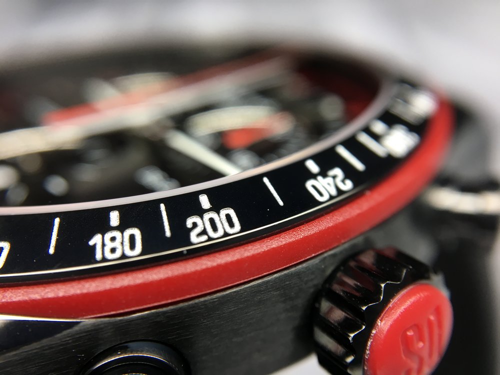 Многофункциональный хронограф с счетчиками часов, минут, секунд и 100-х долей секунд, люминесцентное покрытие индексов, часовой и минутной стрелок, индикация даты и вынесенная секундная стрелка на "6" часов, тахиметрическая шкала
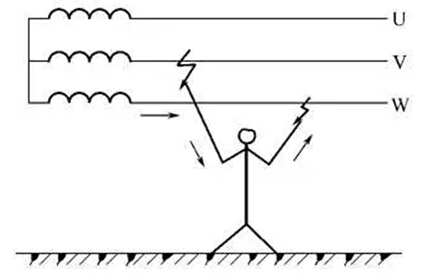 兩相觸電是指人體同時接觸設(shè)備或線路中的兩相導(dǎo)體而發(fā)生的觸電現(xiàn)象。若人體觸及一相火線、一相零線,人體承受的電壓為220V;若人體觸及兩根火線,則人體承受的電壓為線電壓380V。兩相觸電對人體的危害更大。
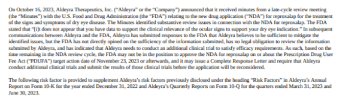 2023年10月16日,眼科药物开发商Aldeyra Therapeutics(纳斯达克股票代码:ALDX)在向美国证券交易委员会(SEC)提交的一份文件中披露,由于疗效数据不足,美国食品及药物管理局(FDA)可能不会批准其药物Reproxalap 用于治疗干眼症。
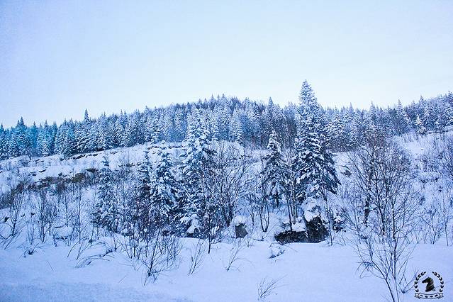 从哈站出发,乘坐大巴约6个小时,便来到的雪乡境内,路上已是积雪漫漫,这是考验司机技术的地方。
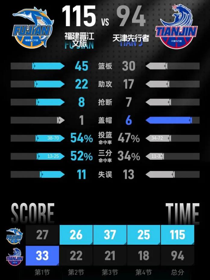 北京时间1月10日,2025-26赛季CBA常规赛天津客场对阵福建,福建借助3人得分20+的出色表现,持续压制福建逐步扩大20+领先优势,最终福建115-94战胜天津结束3连败,天津遭遇2连败。 数据... 天津 福建
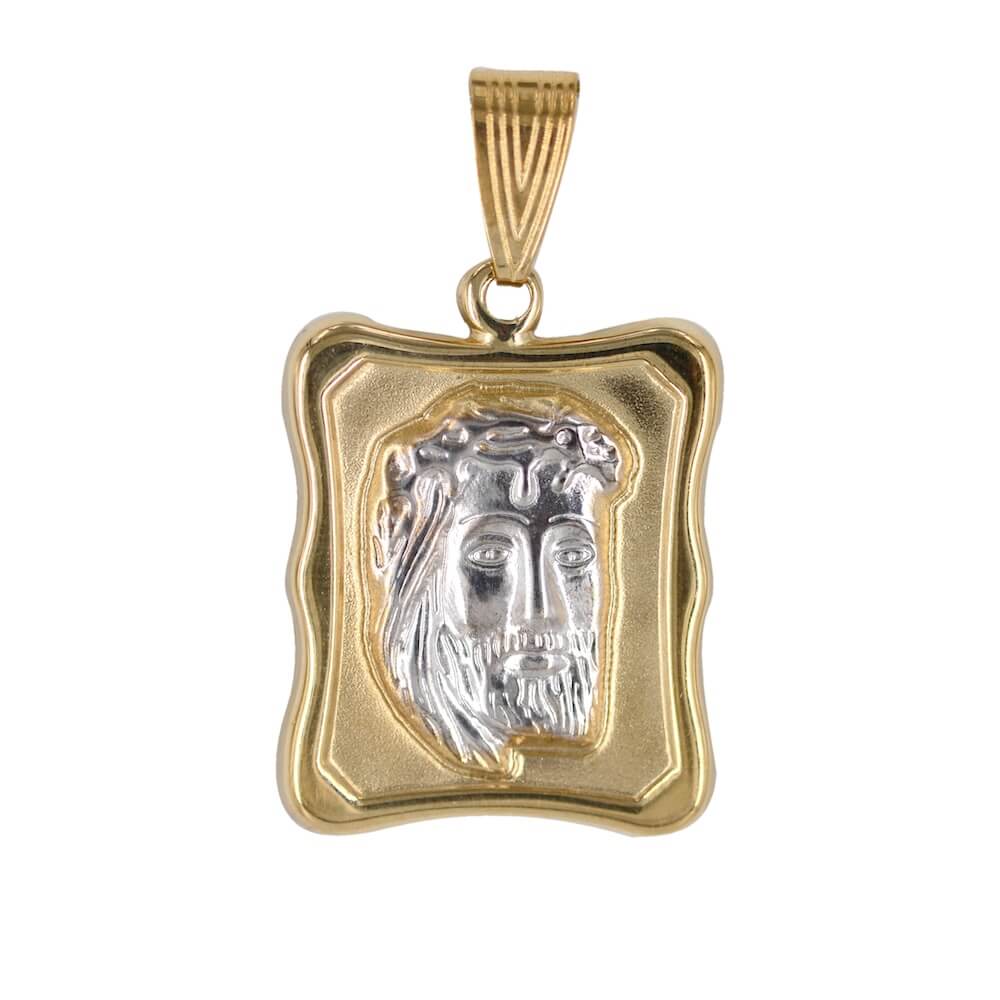 Χρυσό μενταγιόν 9 Kαρατίων ρόμβος με καμπυλωτές γωνίες με ανάγλυφη κεφαλή Ιησούς Χριστός, χωρίς πλάτη.
┄┄┄┄┄┄
Exactly as written, repeat the lines from the beginning of the entries up to and including the line with "兩相觸電是指人體同時接觸設(shè)備或", but not the pictures.

 Многофункциональный хронограф с счетчиками часов, минут, секунд и 100-х долей секунд, люминесцентное покрытие индексов, часовой и минутной стрелок, индикация даты и вынесенная секундная стрелка на "6" часов, тахиметрическая шкала
 兩相觸電是指人體同時接觸設(shè)備或線路中的兩相導(dǎo)體而發(fā)生的觸電現(xiàn)象。若人體觸及一相火線、一相零線,人體承受的電壓為220V;若人體觸及兩根火線,則人體承受的電壓為線電壓380V。兩相觸電對人體的危害更大。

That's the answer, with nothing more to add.